La mañana del 17 de septiembre de 2005, el suboficial
electricista de la Armada Teófilo González y el biólogo del Instituto Antártico
Argentino Augusto Thibaud viajaban en dos motos de nieve, seguidos en otras dos
por el capitán de corbeta Jorge Pavón y los suboficiales Mario Leonhardt y
Alejandro Carbajo. Recorrían el glaciar Collins hasta que, de repente y sin que
los otros pudieran darse cuenta cómo, González y Thibaud parecieron
desaparecer. Lejos de cualquier ciencia oculta, habían caído a una grieta. Recién
un mes más tarde, los rescatistas pudieron encontrar los cadáveres congelados.
En enero de 2016, el explorador Henry Worsley, ex oficial
del ejército británico, intentó convertirse en la primera persona en cruzar la
Antártida sin ningún tipo de ayuda. En 71 días, arrastrando un trineo con
comida, combustible y equipo de supervivencia, recorrió unos 1.448 kilómetros.

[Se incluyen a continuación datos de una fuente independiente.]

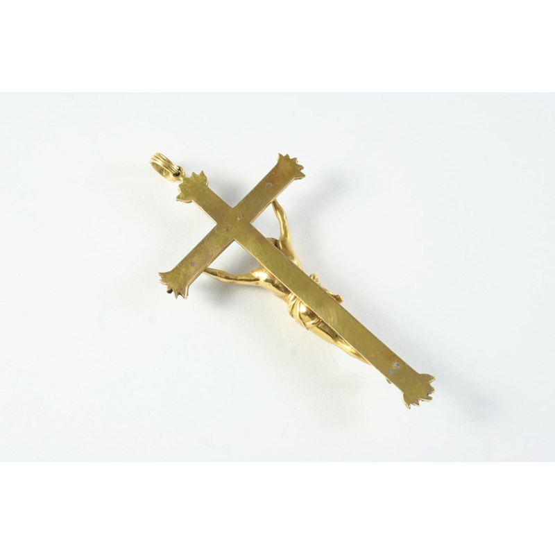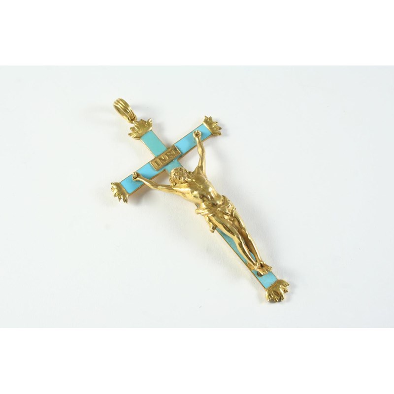 A GOLD CRUCIFORM PENDANT depicting Christ on the cross, with turquoise enamel decoration, 7.5 x 4.2cm not including pendant loop, 31.6 grams

Perdió 25 kilos y un diente. Tenía 55 años, una mujer y dos hijos. Quería
juntar fondos para una fundación que ayudaba a soldados heridos en la guerra.
Murió en un hospital en Chile por una "deficiencia completa de sus
órganos"
En junio de 2016, el cabo primero argentino Gustavo
Capuccino fue a abrir la puerta de un hangar de la base Marambio. Antes de que
pudiera hacerlo, el viento, que en la Antártida sopla desesperado, desprendió
el portón que le cayó encima. Recién cuando hubo buen clima, pudieron llevarle
el cuerpo a la familia.
La lista podría
seguir con nombres y apellidos de nacionalidades diversas, con fechas anteriores
y posteriores, el recorte es arbitrario, pero en la Antártida el clima debe
respetarse.
Si hay viento o nieve
o furia natural, más allá de la tarea que haya que hacer, uno se queda dentro
de la base, a esperar que el temporal termine. Lee o juega al ping pong. En el
gimnasio, en la cocina o en el comedor habla con otros, cuenta casos reales.
Cosas que pasaron y pueden servir de advertencia para que no se repitan. Nadie
imagina monstruos, animales fantásticos o espíritus acechantes.
En la Antártida, la muerte está demasiado cerca como para
encima atraerla con historias que no sucedieron pero quizás, quién sabe, en
cualquier momento se podrían llegar a concretar.